**Task prompt:** Skip every picture while you write out the records below, from the first line through the one that contains "Complete with a", both ends kept.

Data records
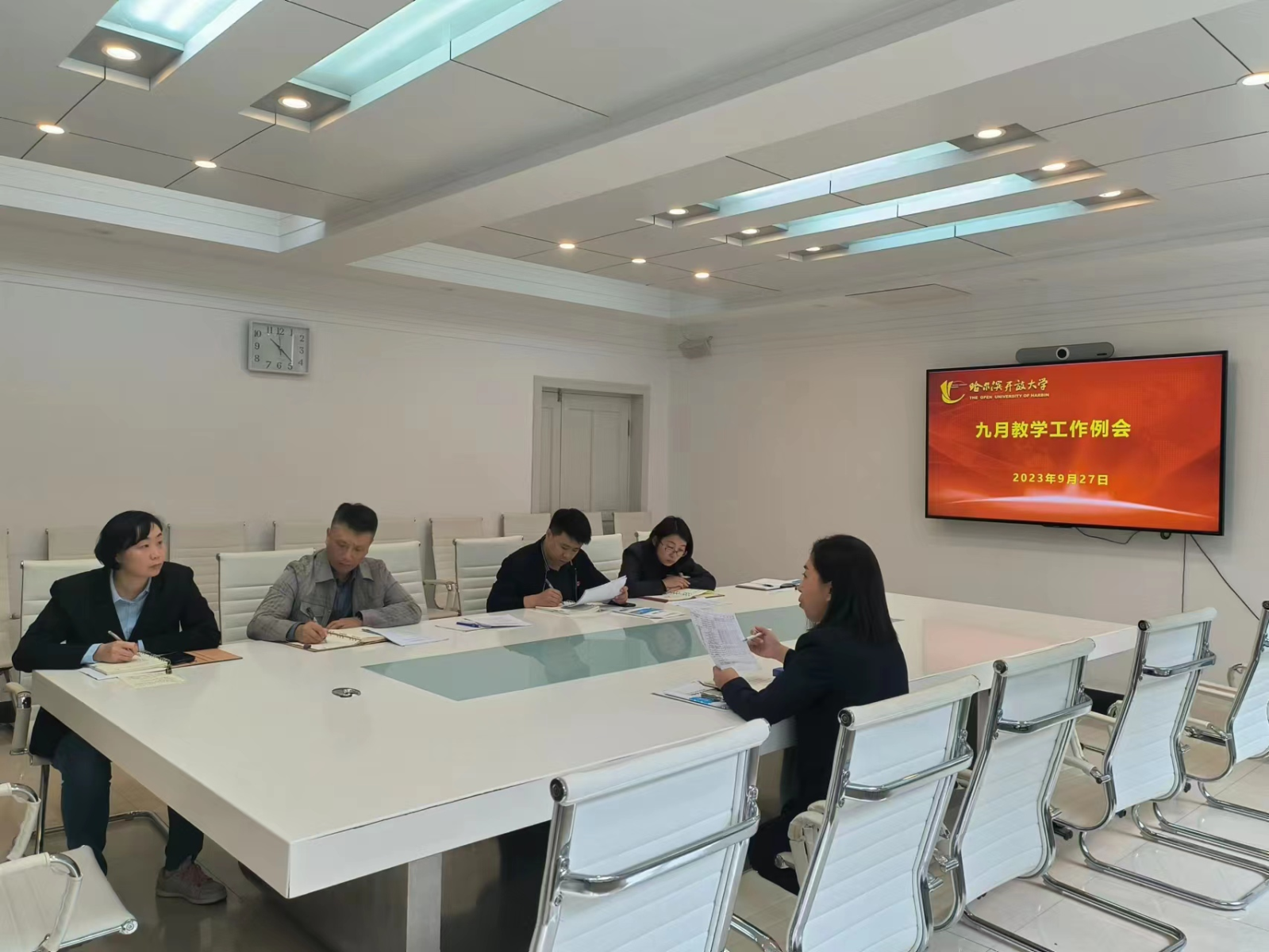 9月27日上午,我校在一楼会议室召开了九月教学工作例会,教务处、教学部、开放学院、学生支持服务中心等部门的负责人及相关人员参加了会议。党委委员、副校长关龙艳出席并主持会议。
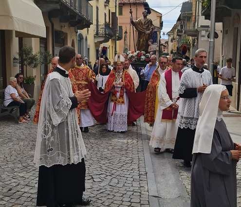 Il momento più solenne si è tenuto nella mattinata di domenica 27 luglio con la Santa Messa Pontificale presieduta dal vescovo di Ivrea, monsignor Daniele Salera, nella Chiesa di San Giacomo Apostolo. Al termine, la tradizionale processione per le vie cittadine ha visto la partecipazione di numerose autorità civili e militari, tra cui il sindaco Martino Zucco Chinà, l’eurodeputato Giovanni Crosetto e il consigliere regionale Sergio Bartoli.
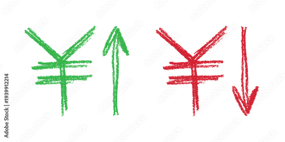 Hand Drawn Won Currency Symbol Growth And Fall Profit With Arrow Up And Down Brush Stroke Doodle Element For Design
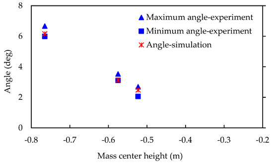 The effect of two parameters, mass center and airbag radius, were investigated in the scaled model experiment to verify the design, the results of which are shown in Figure 20 and Figure 21. Figure 20 indicates that the maximum angle decreases with the increase in the position of the center of mass. The maximum angle decreases as the radius of the floating airbag decreases, as shown in Figure 21. Therefore, appropriate system mass center and platform radius can reduce the maximum sway angle of the system.
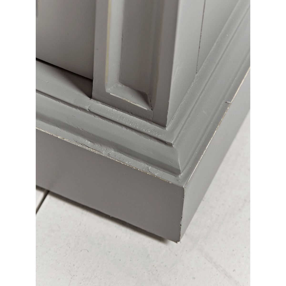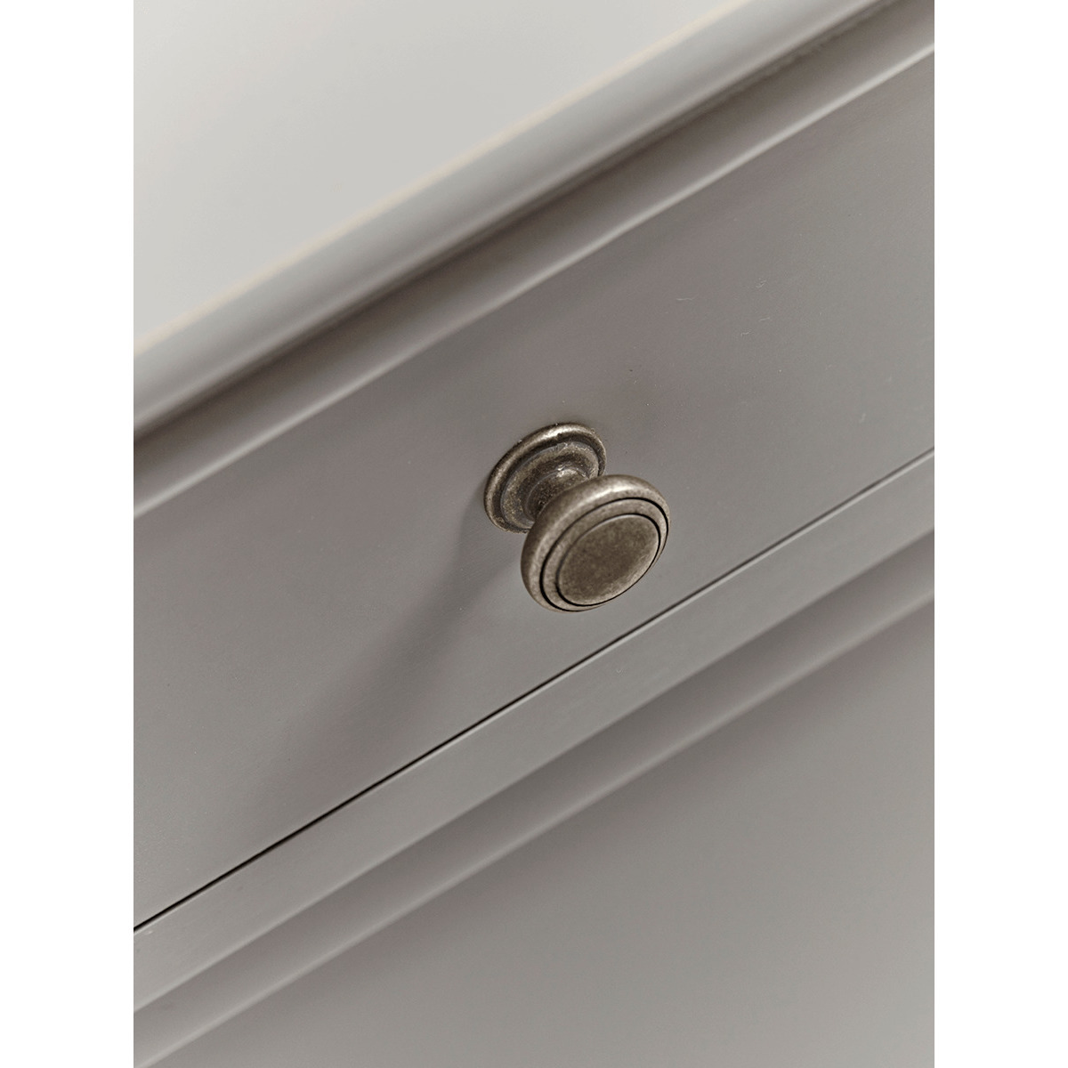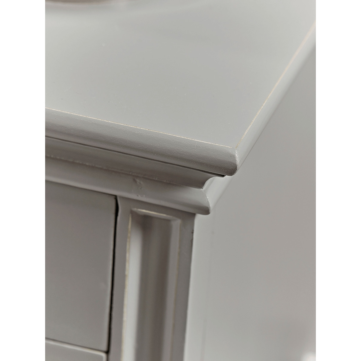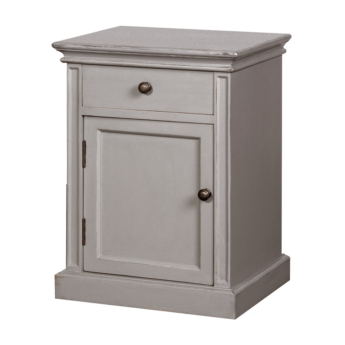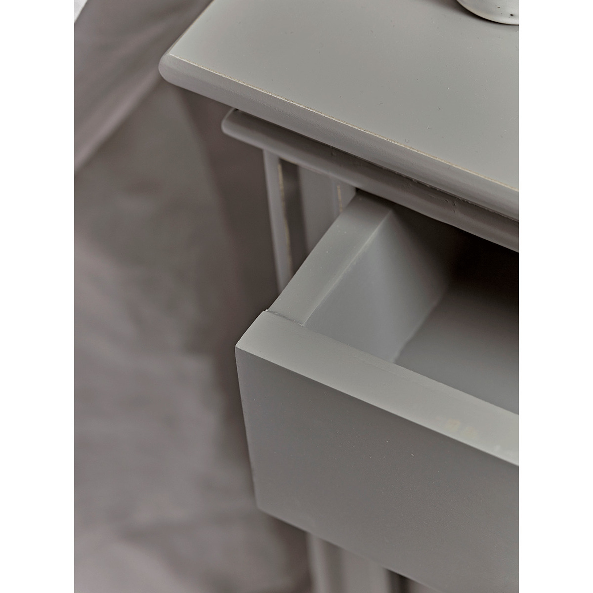 Complete with a cupboard and smooth slide drawer for storage, our practical and stylish bedside table has an elegant, gently distressed grey finish and carved details. The drawer and cupboard each feature an engraved zinc finish knob.
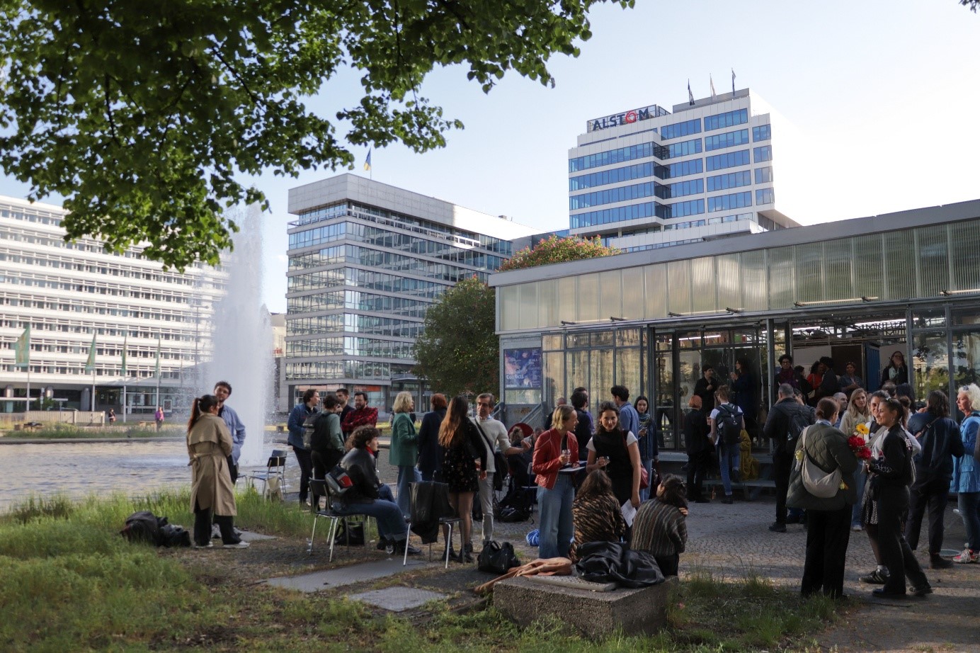 The vernissage was a great success, certainly supported by the beautiful location and sunny weather we were lucky to enjoy. Over the course of the evening, the venue itself became a hot topic of conversation. The BHROX: the quiet, surprisingly acoustically pleasant island is settled within a roundabout, circled by (as is typical of Berlin) multiple lanes of traffic connecting major throughways. Surrounded by flowing fountains, shaded by vibrant trees, and housed in a glass pavilion, the BHROX felt like an oasis in a concrete desert—even in the midst of rush hour.
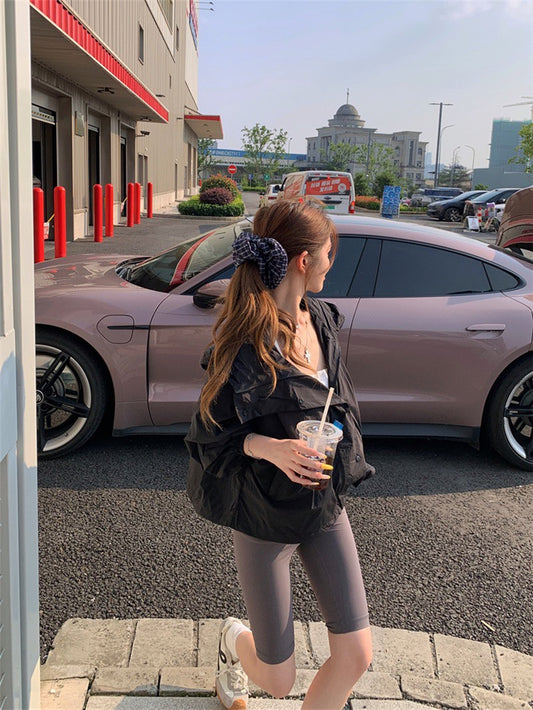 Jun. 美式寬鬆輕薄防曬連帽工裝外套 黑色
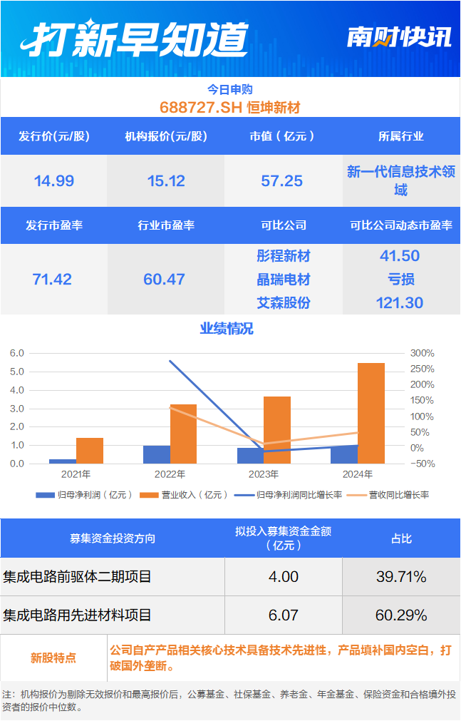 11月7日,有两只新股申购,分别是科创板的恒坤新材(688727.SH),以及创业板的南网数字 (301638.SZ);另有两只新股上市,为沪市主板的德力佳(603092.SH),以及北交所的中诚咨询 (920003.BJ)。 两只新股申购 恒坤新材致力于集成电路领域关键材料的研发与产业化应用,是境内少数具备12英寸集成电路晶圆制造 关键材料研发和量产能力的创新企业之一,主要从事光刻材料和前驱体材料等产品的研发、生产和销 售。 招股书显示,恒坤新材自产的主要产品包括SOC、BARC、KrF光刻胶、i-Line光刻胶和TEOS前驱体材 料。2022年至2024年,公司自产产品销售收入分别为12357.89万元、19058.84万元和34418.93万元,占 主营业务收入的比例分别为38.94%、52.72%和63.77%,收入规模和占比逐年上升。 客户方面,恒坤新材客户集中度较高,主要是系由于下游晶圆制造行业集中度较高所致,主要客户中, 客户A、客户B、客户C均系知名存储芯片制造厂商,客户D、客户E等均系知名逻辑芯片生产厂商。根 据弗若斯特沙利文统计,客户A、客户B、客户C、客户D以及客户E均系2023年境内产 ...

**Exercise response:**
 9月27日上午,我校在一楼会议室召开了九月教学工作例会,教务处、教学部、开放学院、学生支持服务中心等部门的负责人及相关人员参加了会议。党委委员、副校长关龙艳出席并主持会议。
 Il momento più solenne si è tenuto nella mattinata di domenica 27 luglio con la Santa Messa Pontificale presieduta dal vescovo di Ivrea, monsignor Daniele Salera, nella Chiesa di San Giacomo Apostolo. Al termine, la tradizionale processione per le vie cittadine ha visto la partecipazione di numerose autorità civili e militari, tra cui il sindaco Martino Zucco Chinà, l’eurodeputato Giovanni Crosetto e il consigliere regionale Sergio Bartoli.
 Hand Drawn Won Currency Symbol Growth And Fall Profit With Arrow Up And Down Brush Stroke Doodle Element For Design
 The effect of two parameters, mass center and airbag radius, were investigated in the scaled model experiment to verify the design, the results of which are shown in Figure 20 and Figure 21. Figure 20 indicates that the maximum angle decreases with the increase in the position of the center of mass. The maximum angle decreases as the radius of the floating airbag decreases, as shown in Figure 21. Therefore, appropriate system mass center and platform radius can reduce the maximum sway angle of the system.
 Complete with a cupboard and smooth slide drawer for storage, our practical and stylish bedside table has an elegant, gently distressed grey finish and carved details. The drawer and cupboard each feature an engraved zinc finish knob.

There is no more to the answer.